(Stored items)
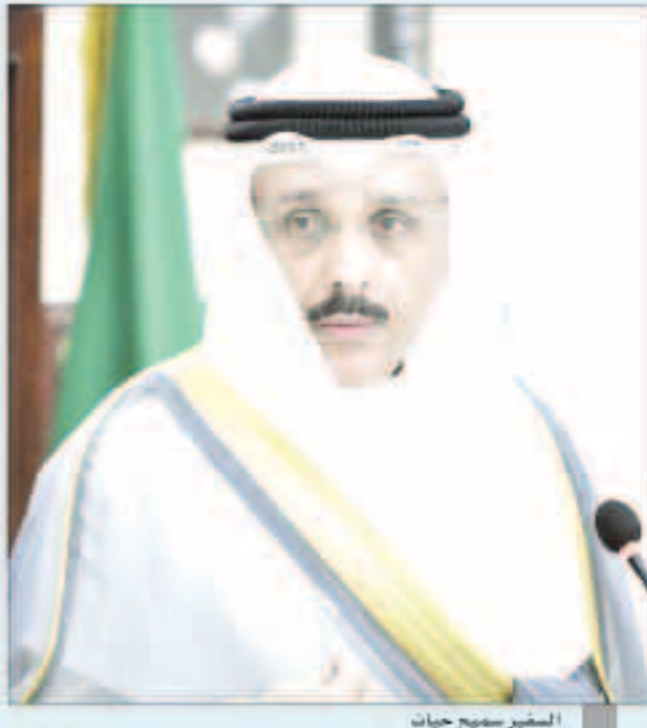
الشيخ سموه حيات

■ أنس الصالح: الكويت حريصة وبتوجيهات سامية على استكمال وتعزيز مسيرة التعاون الأمني الخليجي ■ وزراء داخلية الخليج اتفقوا على التواصل المستمر «عبر تقنية الاتصال المرئي» لتنسيق الجهود الأمنية ■ الشايح: كامل التقدير للجهود المميزة التي تقوم بها الحكومة في إدارة الأزمة والتي هي موضع اعتزاز الجميع
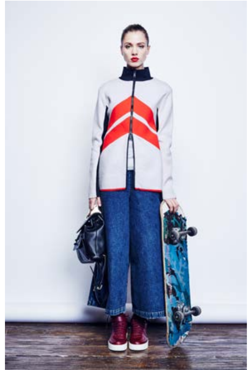
На Юле: Майка Haider Ackermann 23 950 руб. Кардиган Paco Rabanne 145 000 руб. Брюки Rachel Comey 35 250 руб. Кроссовки Céline 57 250 руб. Рюкзак M2Malletier 108 000 руб.
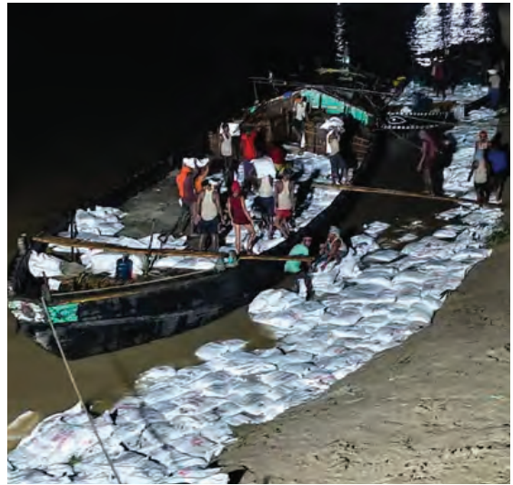
निज संवाददाता। भागलपुर

भागलपुर में नवगछिया के इस्माइलपुर प्रखंड के बिंद टोली स्थित रिंग बांध मंगलवार को ध्वस्त हो गया था। पिछले दो दिनों से जिला प्रशासन और जल संसाधन विभाग के अधिकारियों ने लगातार इसके लिए युद्ध स्तर पर मरम्मती का काम किया है। तटबंध से पानी के बहाव पर लगभग काबू किया गया है। यह जानकारी सूचना जनसंपर्क पदाधिकारी नागेंद्र कुमार ने गुरुवार की रात 11 बजे दी है। फिलहाल, 10 हजार लोग इससे प्रभावित हैं। किचन चलाकर बाढ़ प्रभावित लोगों को भोजन-सूचना जनसंपर्क पदाधिकारी ने बताया कि गोपालपुर के महिपाल राजकीय उच्च बुनियादी स्कूल तीन टंगा गोपालपुर और जगदंबा कन्या विद्यालय गोपालपुर के साथ-साथ सैटपुर में सामुदायिक किचन चलाकर बाढ़ प्रभावित लोगों को भोजन कराया जा रहा
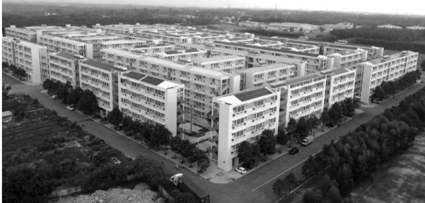
● Tiến độ xây dựng 1 triệu căn nhà ở xã hội đến năm 2030 của Chính phủ đang ở mức thấp so với đề án đưa ra. (Ảnh minh họa)

Bộ Xây dựng vừa báo cáo Thủ tướng về tình hình triển khai đầu tư xây dựng ít nhất 1 triệu căn hộ nhà ở xã hội giai đoạn 2021 - 2030. Theo đó, từ năm 2021 đến nay, cả nước đã hoàn thành khoảng 40.600 căn nhà ở xã hội, trong đó Bắc Ninh, Hà Nội, Bắc Giang, Khánh Hòa, Thanh Hóa, Tây Ninh, Bình Dương... dẫn đầu cả nước. Về kết quả triển khai thực hiện các dự án nhà ở xã hội, theo Bộ Xây dựng, qua tổng hợp báo cáo từ các địa phương, trong giai đoạn từ 2021 đến nay cả nước có 619 dự án nhà ở xã hội được triển khai với quy mô hơn 560.000 căn. Tuy nhiên, mới có 79 dự án nhà ở xã hội hoàn thành, 128 dự án nhà ở xã hội khởi công xây dựng và 412 dự án nhà ở xã hội
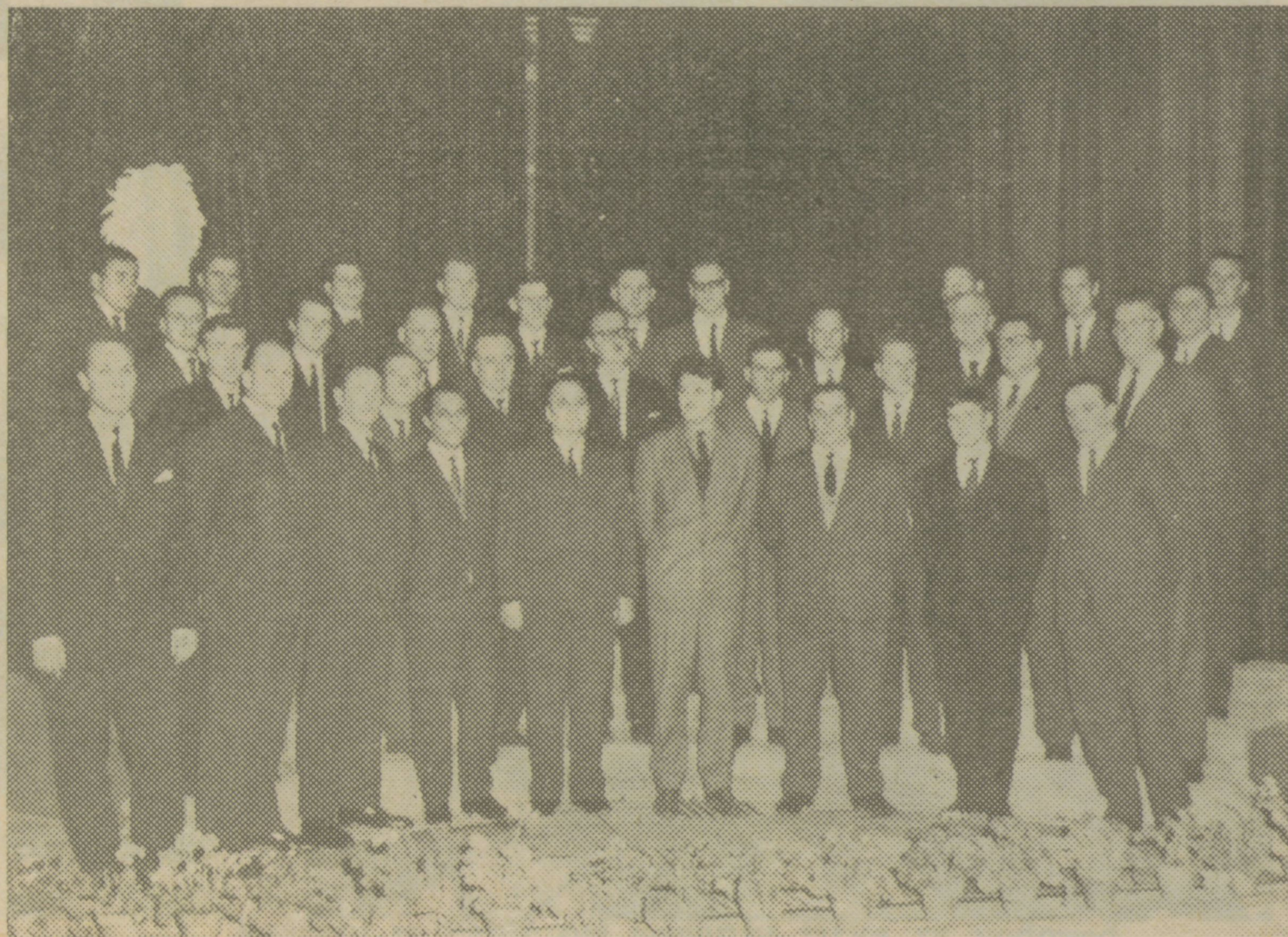
Obnovljeni moški pevski zbor je pel na Prešernovi proslavi

Lepe misli in lepi načrti našega moškega zbora! Če naj omenim mimogrede, da je naš zbor razen ajdovskega edini večji in resnejši pevski zbor na Primorskem, bi bilo morda le nujno razmisliti, kako mu zagotoviti vsaj najnujnejša sredstva za uresničitev programa.
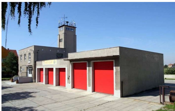
Budova hasičské zbrojnice po I. etapě oprav.
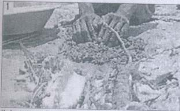
1 Herbs are ground to a paste and mixed with cow dung, urine

The forest mostly comprises sidha (benteak), jamun and khair (black cutch) trees. "Most trees in the forest have multiple trunks. They have grown from stubs of trees felled in the 1980s and were almost dead," he says. "The paste provides moisture and nutrition to the stub and helps it regenerate. It takes a long time, eight to 10 years, for shoots
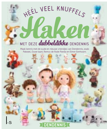
Heel veel knuffels haken met deze dubbeldikke Dendennis ISBN 978 90 245 8248 8
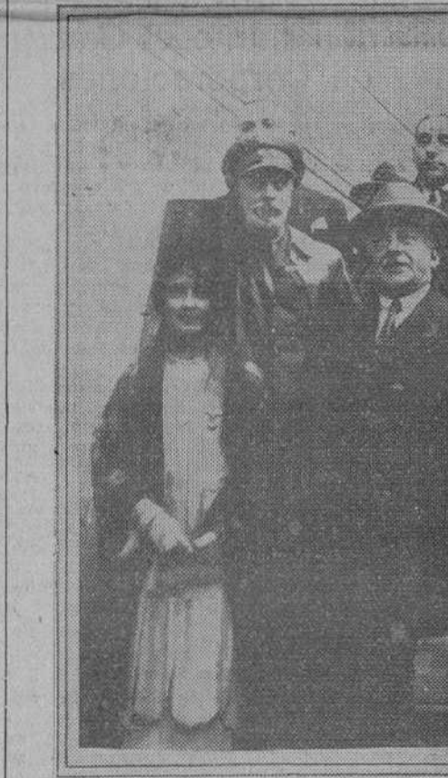
El general Frimo de Rivera con la señora de Mac-Mahon, que actuó de madrina en la inauguración del grupo de casas baratas de los ferroviarios de Bilbao
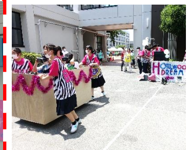
1-6 ハリウッド南楠祭! USJより1-6ドリーム
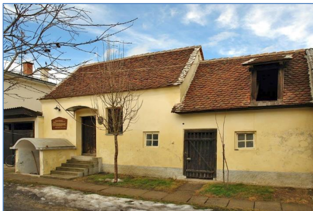
Slika 1. Rodna kuća dr. Rudolfa Steinera, (izvor: https://centar-rudolf-steiner.com/rodna-kuca/ )

Dr. Rudolf Steiner utemeljitelj je waldorfske pedagogije. Osim područja pedagogije, bavio se još i prirodnim znanostima, filozofijom, umjetnošću (arhitektura, slikarstvo i drugo) i književnošću temeljenima na duhovno-znanstvenom radu.
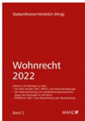
Wohnrecht 2022 Ladenpreis: 46,00EUR
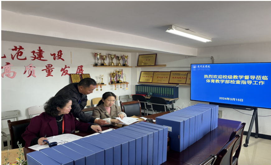
校级教学督导在体育教学部开展期初教学检查

从检查情况看，各教学院部领导对该项工作较为重视，工作落实到位，都按要求提前做好好了检查准备，资料准备充分，以便于督导组检查，资料归档也较为完善。特别是体育教学部领导认真负责，率先垂范，给督导组留下了深刻印象。

> _Task item_: Output exactly the lines from the line with "1-6 ハリウッド南楠祭! USJより1-6ドリーム" to the last line of the records, including both, and leave every picture out.

> _Output of the task_:
1-6 ハリウッド南楠祭! USJより1-6ドリーム
Slika 1. Rodna kuća dr. Rudolfa Steinera, (izvor: https://centar-rudolf-steiner.com/rodna-kuca/ )

Dr. Rudolf Steiner utemeljitelj je waldorfske pedagogije. Osim područja pedagogije, bavio se još i prirodnim znanostima, filozofijom, umjetnošću (arhitektura, slikarstvo i drugo) i književnošću temeljenima na duhovno-znanstvenom radu.
Wohnrecht 2022 Ladenpreis: 46,00EUR
校级教学督导在体育教学部开展期初教学检查

从检查情况看，各教学院部领导对该项工作较为重视，工作落实到位，都按要求提前做好好了检查准备，资料准备充分，以便于督导组检查，资料归档也较为完善。特别是体育教学部领导认真负责，率先垂范，给督导组留下了深刻印象。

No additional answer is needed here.